Таким образом вы хотели показать отношение к навязываемым идеологией образам или вам хотелось побыть дерзким кинематографистом?
Скорее первое. Ломать стереотипы и делать нечто непривычное всегда интересно.
По легенде, ваш фильм «Призраки белых ночей» считается последним фильмом СССР, он был показан за день до путча в 1991 году. Правда ли это?
Это было в начале июля 1991 года, в период белых ночей. Камеру и 16-мм пленку я взял в Лентелефильме. Мы вышли с профессиональной камерой на улицу и решили снять импровизацию. На телевидении стояла проявочная машина «Дебри», которая занимала целую комнату. Там в середине августа проявили и посмотрели пленку.
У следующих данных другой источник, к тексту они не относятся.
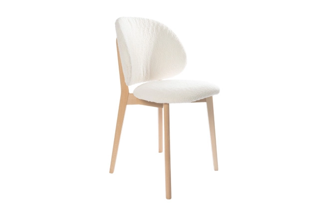 Krzesło to wykonane jest z trwałego drewna bukowego, które bejcowane jest na wybrany przez Klienta kolor. Miękkie siedzisko pokryte jest wysokiej jakości gąbką i obłożone przyjemną tkaniną w wybranym kolorze. Komfort użytkowania utrzymany jest na najwyższym poziomie dzięki wygodnemu siedzisku, ale równie komfortowym oparciu.

А 19 августа я ушел в отпуск, и в первый же день мне с работы звонит приятель, тоже оператор, который там как раз снимался (самый высокий с бородой и усами), и говорит: «Включи-ка радио». И я услышал то же самое, что слышал герой в «Ночах полнолуния-2».
Трилогия «Ночи полнолуния» создавалась несколько лет. Это было связано с высокой стоимостью и трудоемкостью этого процесса?
Фильм «КлоунАда» и все первые короткометражные фильмы я снял на Крансогорск-3, камеру с ручным приводом, который надо было заводить каждые 20–25 секунд. Она стоила 530 рублей, в то время это равнялось четырем зарплатам инженера. Рулон цветной 16-мм пленки длиной 30 метров, которого хватало на две с половиной минуты, стоил 6 рублей. Это была стоимость месячного проездного билета. Проявка стоила 3,5 рублей. То есть купить и проявить цветную пленку стоило десять советских рублей.
Но тогда я уже работал оператором, и появились другие варианты. Телевидение все реже использовало 16-мм кинопленку, на которую ранее снимали все репортажи. Постепенно все стали переходить на видео, и была возможность купить пленку с рук подешевле.
Кто-то находил средства на кооперативное кино, но часто это были чуть ли не полукриминальные дела, так что это точно был не мой вариант.
На создание фильма и его оцифровку уходило много средств. А были ли какие-то случаи финансирования со стороны?
Никаких спонсоров то время у меня, конечно, не было. До настоящего дня я все делаю на свои деньги. В начале 1990-х были некоторые варианты, например, я снял несколько клипов, в том числе клип «Сумасшедший город» для группы «Надувной пистолет». Еще снял какую-то телерекламу, которая потом вошла в третью часть «Ночей полнолуния».
А была ли вообще в 1990-х возможность финансовой поддержки для независимых кинематографистов от киностудий?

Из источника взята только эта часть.